When Information Technology Act 2000 (ITA-2000) was passed in 2000, in India, it was thought to be a special central legislation passed at the instance of UNO. Hence it was given  jurisdiction over Jammu and Kashmir along with the extra territorial jurisdiction under Section 75. The Act gave powers to State Government to pass rules under Section 90. These powers are restricted however to what was required to give effect to the provisions of the Act.

Now it is reported that Orissa Government is planning to introduce new laws to protect Children. Earlier Haryana Government had constituted a Cyber Regulations Advisory Committee though no such powers were conferred on the State. Tamil Nadu Government also passed a notification on Cyber Cafe regulations under the State Police Act. Mumbai passed a legislation equating Cyber Cafes with “Cabaret Center”. These developments give raise to an important issue of whether such legislation comes under the jurisdiction of the States. Though “Law and Order” is a State responsibility, “Is Law and Order in Cyber Space” a State Responsibility? is a question which needs to be settled.

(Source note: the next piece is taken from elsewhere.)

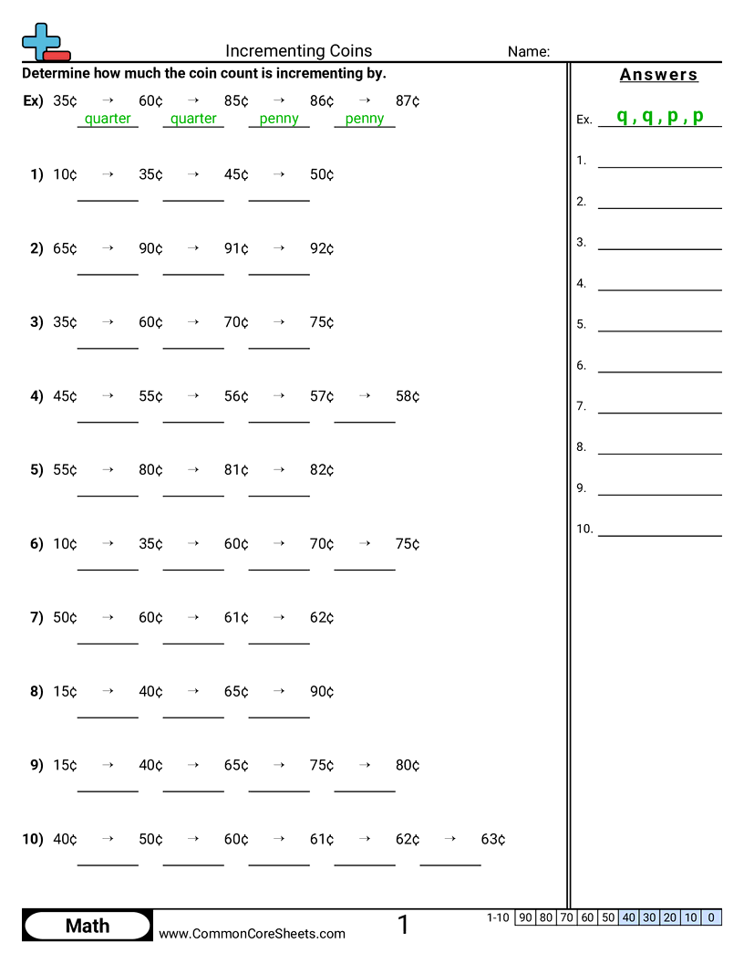 Free math worksheets on Incrementing Coins. Each worksheet has 10 problems with an answer key and are ideal for teachers and homeschooling. You can download the PDF, create a set of flash cards or set it up for online learning.

Every “Individual’s Cyber Space” is at the border of the national sovereign jurisdiction. Across this space is the sovereign country outside the jurisdiction of the Country. Are State Governments the appropriate authority for such legislation? Do they have sufficient expertise to pass such legislation? are questions that stand out.

Today, even at the Central Government level there is no clear understanding of the “Cyber Space” and its legislative requirements. This is well demonstrated by the proposed amendments on ITA 2000 which are presently before the Parliament which skirted all essential amendments such as Spam and Domain Name regulations, but focussed more on “How to avoid Police misuse of the provisions”.

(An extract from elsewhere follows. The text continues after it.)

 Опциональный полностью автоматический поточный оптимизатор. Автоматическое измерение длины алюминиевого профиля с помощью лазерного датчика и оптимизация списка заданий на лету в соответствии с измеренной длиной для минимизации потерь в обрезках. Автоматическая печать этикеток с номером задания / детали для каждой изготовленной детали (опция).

If State Governments take over Cyber Space legislation, then there will be no uniformity of laws even within India let alone “Harmonization of global laws” as envisaged by UNCITRAL Model law.

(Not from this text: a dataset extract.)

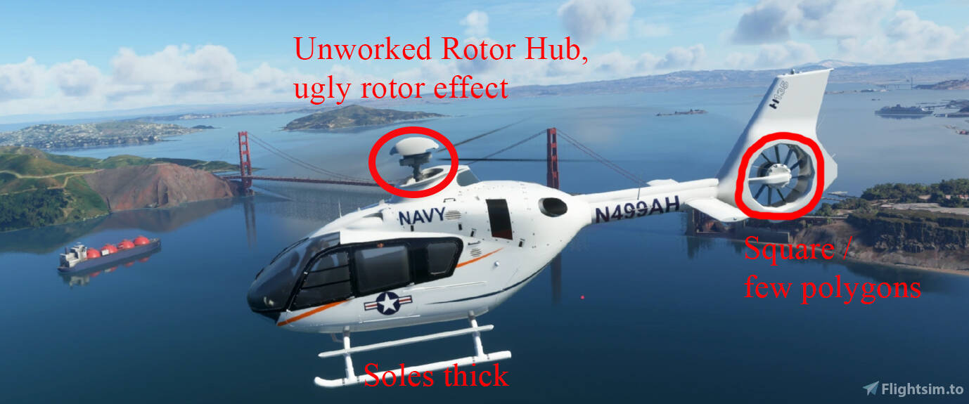 You are comparing a commercial company with professional 3D modelers with a team of passionate people that have made a flying heli for free. I can find plenty of mistakes regarding the expensive Carenado models. The H135 is free and improves everyday.

In the recent times, reports have been received by the Cyber Crime Complaints and Resolution Assistance Center that Cyber Crime Police in Chennai and Bangalore are manipulating evidence to fix chosen persons at the instance of influential complainants. In one of these cases, even a Government owned forensic department’s report has also been misused. These instances indicate that State Governments are presently not equipped to take up Cyber Space legislations and should desist from doing so. Any such attempt should perhaps be considered “Ultra Vires” the ITA 2000.